DATA SECTION Start Marker

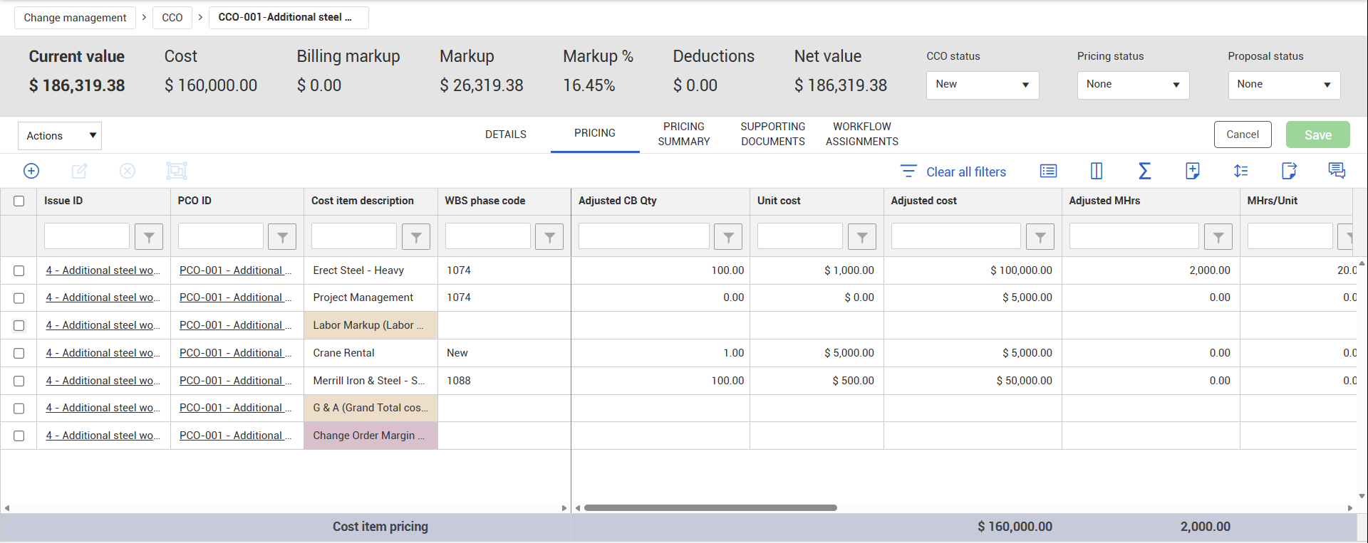 The Pricing tab shows the pricing established at the PCO and issue levels. It includes cost item pricing including any unassigned pricing items and markups. You cannot edit the inherited values on this tab. You can only add an unassigned pricing item, if needed. To make detailed pricing updates, return to the associated issue.
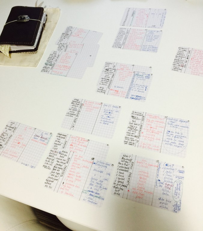 My scrapbook / craft table has become a language lesson centre with all of my language cheat sheets spread out and ready for me to add to as and when I hear a word or phase in French, Spanish or Portuguese from my playbacks I didn’t write down yet. I am starting to get the languages down pat (well good enough anyway) but my “accent” for each is sounding oddly blended. I am rolling Rs and sh’ing Sh all over the place, even when I don’t need to. I am hoping that the nice people of the countries we visit will just find me eccentric and dramatic but still understand me. (like y’all do here in Canada!)
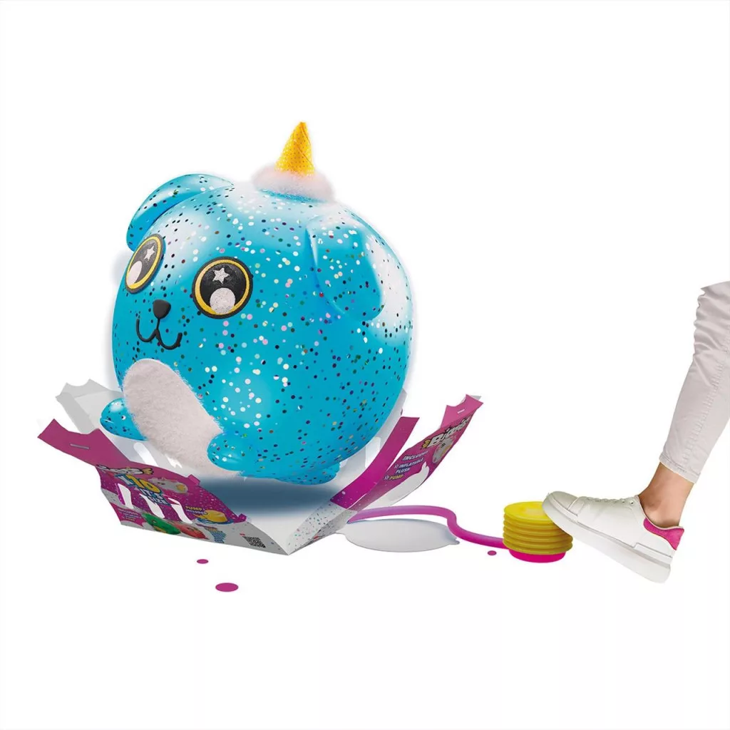 A Biggies felfújhatót plüssök 45 cm szélesre, 45 cm magasra és 45 cm mélyre híznak. Kedves, puha, összenyomható squishy barátok, melyet 4-10 éves gyerekeknek ajánlunk. A doboz tartalmaz egy pumpát is a plüss felfújásához.

DATA SECTION End Marker

**EXERCISE BRIEF**. Please give all of the material again, exactly, without the images.

**WRITTEN SOLUTION**.
 The Pricing tab shows the pricing established at the PCO and issue levels. It includes cost item pricing including any unassigned pricing items and markups. You cannot edit the inherited values on this tab. You can only add an unassigned pricing item, if needed. To make detailed pricing updates, return to the associated issue.
 My scrapbook / craft table has become a language lesson centre with all of my language cheat sheets spread out and ready for me to add to as and when I hear a word or phase in French, Spanish or Portuguese from my playbacks I didn’t write down yet. I am starting to get the languages down pat (well good enough anyway) but my “accent” for each is sounding oddly blended. I am rolling Rs and sh’ing Sh all over the place, even when I don’t need to. I am hoping that the nice people of the countries we visit will just find me eccentric and dramatic but still understand me. (like y’all do here in Canada!)
 A Biggies felfújhatót plüssök 45 cm szélesre, 45 cm magasra és 45 cm mélyre híznak. Kedves, puha, összenyomható squishy barátok, melyet 4-10 éves gyerekeknek ajánlunk. A doboz tartalmaz egy pumpát is a plüss felfújásához.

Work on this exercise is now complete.